Informacje

Informacja

Strona znajduje się w archiwum.

Policjant... dróżnikiem

Do niecodziennej sytuacji doszło na przejeździe kolejowym przy wylocie z Pabianic w kierunku Dobronia. Służbę za dróżnika, który ze względów zdrowotnych trafił do szpitala i do momentu przyjazdu jego zmiennika, pełnili policjanci. Dbali, by przy otwartych rogatkach nie doszło do tragedii.

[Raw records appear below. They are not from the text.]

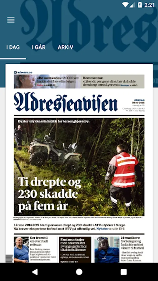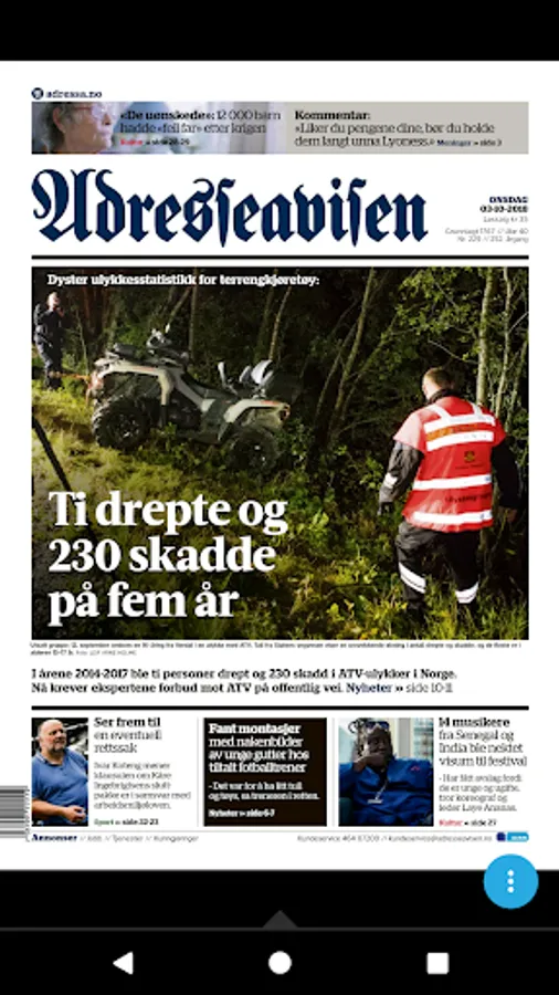 With eAdressa app you can buy and download the print edition digitally adapted to your Android phone or tablet computers. Download the app today and get the first newspaper for free. Access to eAdressa is included for all our subscribers.
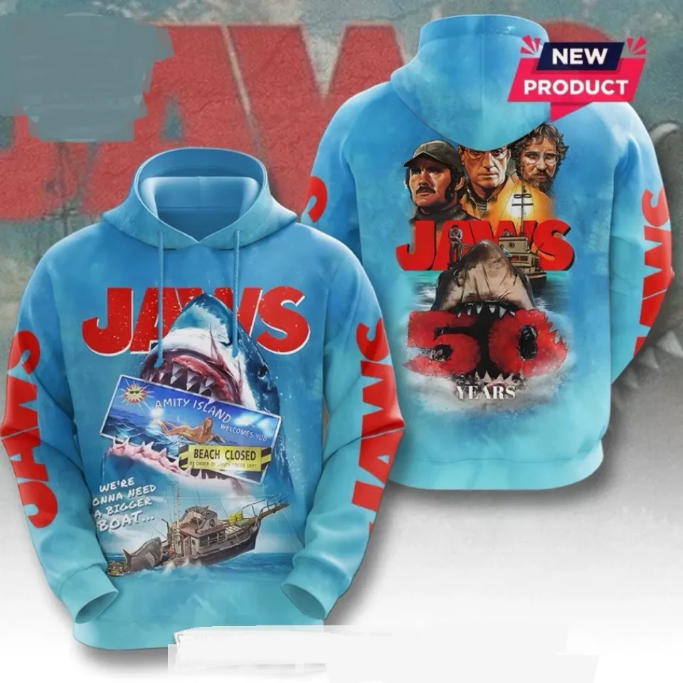 Shop for attractive Jaws 50th Anniversary Hoodie Jaws Shark Horror 3D or see more 3D Hoodies products on https://printblur.com right now!
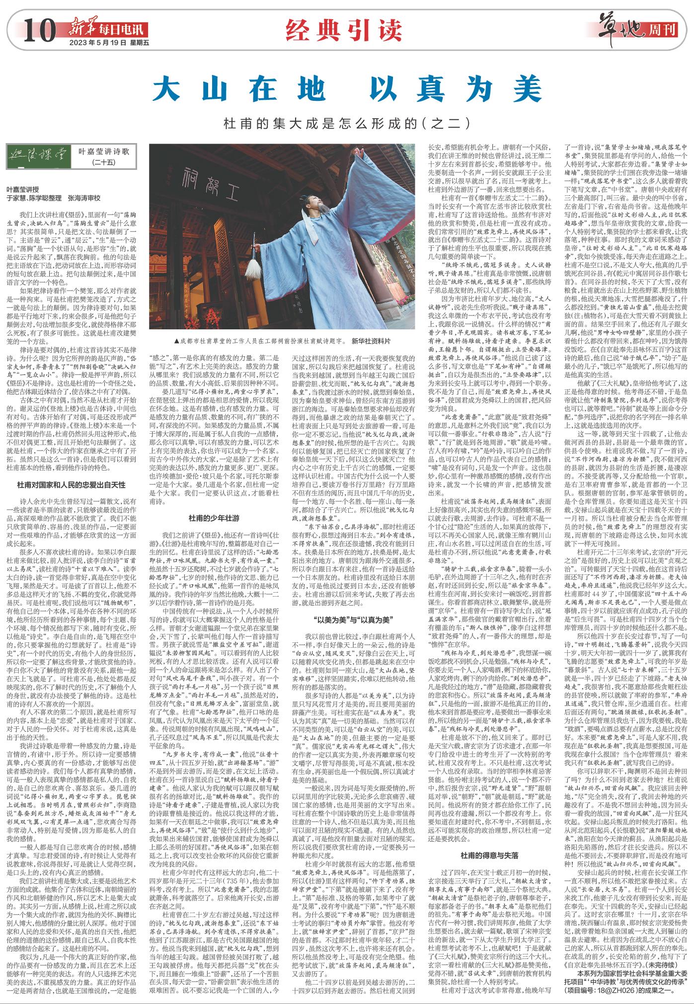 很多写诗的人都是“以美为美”,以为诗里只写风花雪月才是美的,而且要用美丽的辞藻产生美。可杜甫实在是“以真为美”。我认为其实“真”是一切美的基础。当然可以有不同类型的美,可以是“白云从空”的美,可以是“大山在地”的美,但最主要的一定是要“真”。儒家说“充实而有光辉之谓大”,伟大的作者一定以真实为美,外表再雕章琢句咬文嚼字,尽管写得很美,可是不真诚,根本没有生命,再美丽也是一个假玩偶,所以真诚才是美的基础。
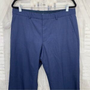 Hugo Boss Mens Size 40 Reg Blue Plaid Dress Pants Flat Front Unhemmed *FLAW*

Policyjna służba bywa nieprzewidywalna. Policjanci prewencji podczas codziennej służby spotykają się z przeróżnymi sytuacjami i często podejmują nietuzinkowe interwencje. Do takiej doszło 21 grudnia 2017 roku na strzeżonym przejeździe kolejowym przy ul. Łaskiej w Pabianicach. Przed godziną 22:00 dyżurny pabianickiej komendy otrzymał zgłoszenie od dyspozytora PKP o tym, że dróżnik z powodów zdrowotnych trafił do szpitala. Dyżurny podjął decyzję, by do przyjazdu zmiennika policyjny patrol ,,przejął" chwilowo obowiązki dróżnika. Rogatki na przejeździe były podniesione. Mundurowi przez ponad 1,5 godziny czuwali nad bezpieczeństwem, by na torach nie doszło do tragedii i zderzenia przejeżdżających tą trasą pociągów z pojazdami. Pełnione wzorowo tam obowiązki przekazali nowemu dróżnikowi.